15 Use of Ordinary Resolution

The Noteholders have the power exercisable by Ordinary Resolution to do anything for which a Special Resolution is not required.

16 Effect and notice of resolution

16.1 Noteholders bound

A resolution passed at a Meeting duly convened and held (or made by Circular Resolution under paragraph 13 (“Circular Resolutions”)) in accordance with these provisions is binding on all Noteholders, whether present or not present and whether or not voting at the Meeting (or signing or not signing the written resolution), and each Noteholder is bound to give effect to it accordingly. The passing of the resolution is conclusive evidence that the circumstances of the resolution justify its passing.

16.2 Notification of voting results

Subject to shorter periods required by the Listing Rules, RE must notify to the Noteholders of the result of the voting on a resolution within 14 days of the result being known but failure to do so does not invalidate the resolution.

17 Minutes

17.1 Minute books must be kept

RE must keep minute books in which it records, within one month:

(a) proceedings and resolutions of Meetings; and (b) Circular Resolutions.

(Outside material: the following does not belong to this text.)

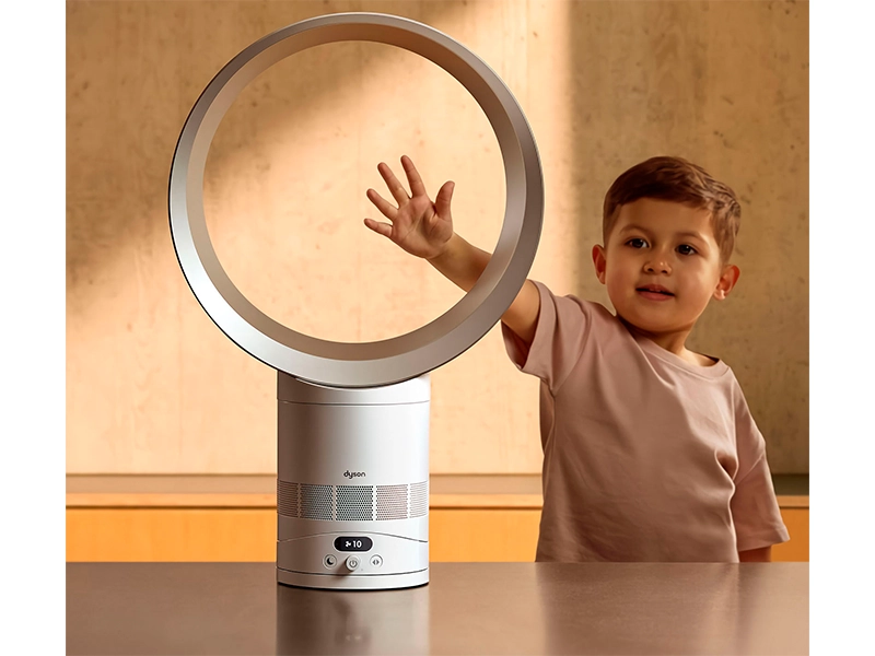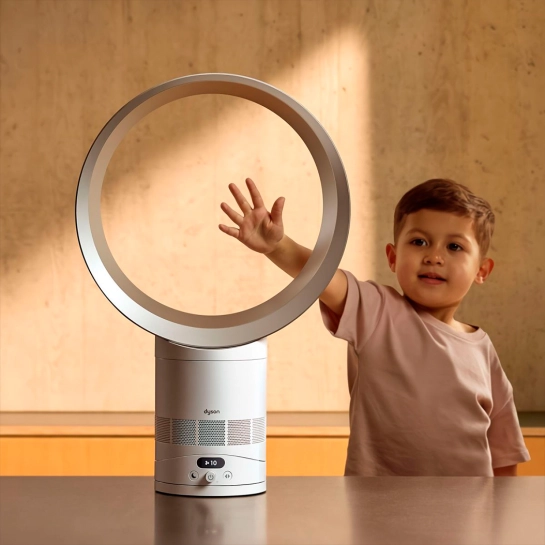 Інноваційний безлопатевий дизайн унеможливлює ризик травм і легко очищається від пилу, оскільки немає важкодоступних місць для накопичення забруднень. Ручне налаштування кута нахилу та обертання гарантує точний напрямок потоку у будь-який кут кімнати. Плавне регулювання швидкості дозволяє вибрати оптимальний режим без стрибків та шумів. Це робить вентилятор безпечним та зручним у будь-яких умовах експлуатації.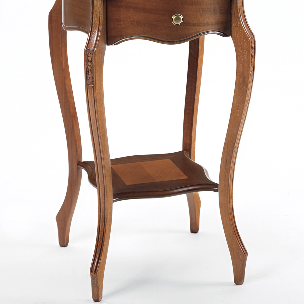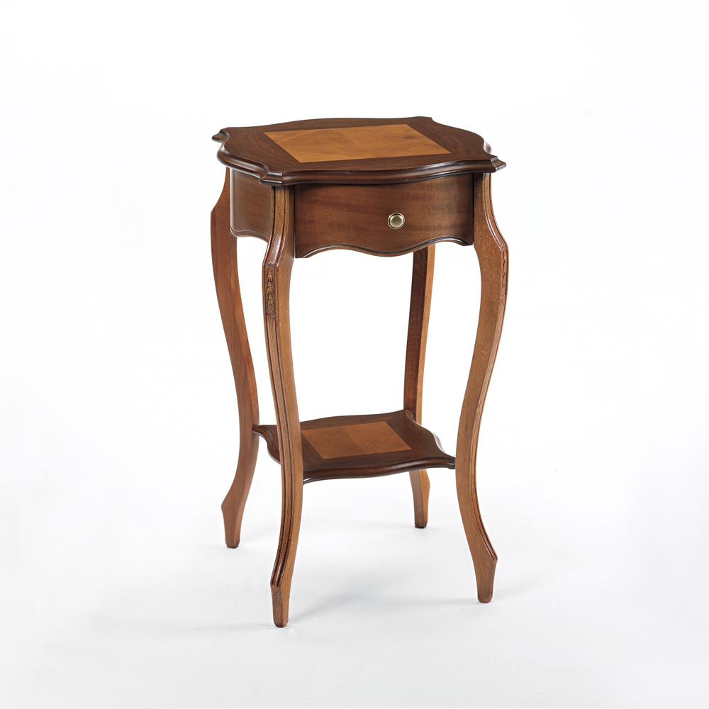Indoor coffee table with solid wood structure, alder frames, panels and other parts in cherry veneer with inlay and 1 drawer entirely Made in Italy.

17.2 Signature requirements RE must ensure that:

(a) minutes of a Meeting are signed by the chairman of the Meeting or by the chairman of the next Meeting; and

(b) Circular Resolutions are signed by a Director or secretary of RE (as the case may be).

17.3 Evidentiary matters

Where a minute or Circular Resolution is recorded and signed it is, absent manifest error or mistake, conclusive evidence:

(a) of the matters contained in it;

(b) that the Meeting has been duly convened and held or that copies of the proposed Circular Resolution have been duly sent; and

(c) that all resolutions passed or proceedings transacted have been duly passed and transacted.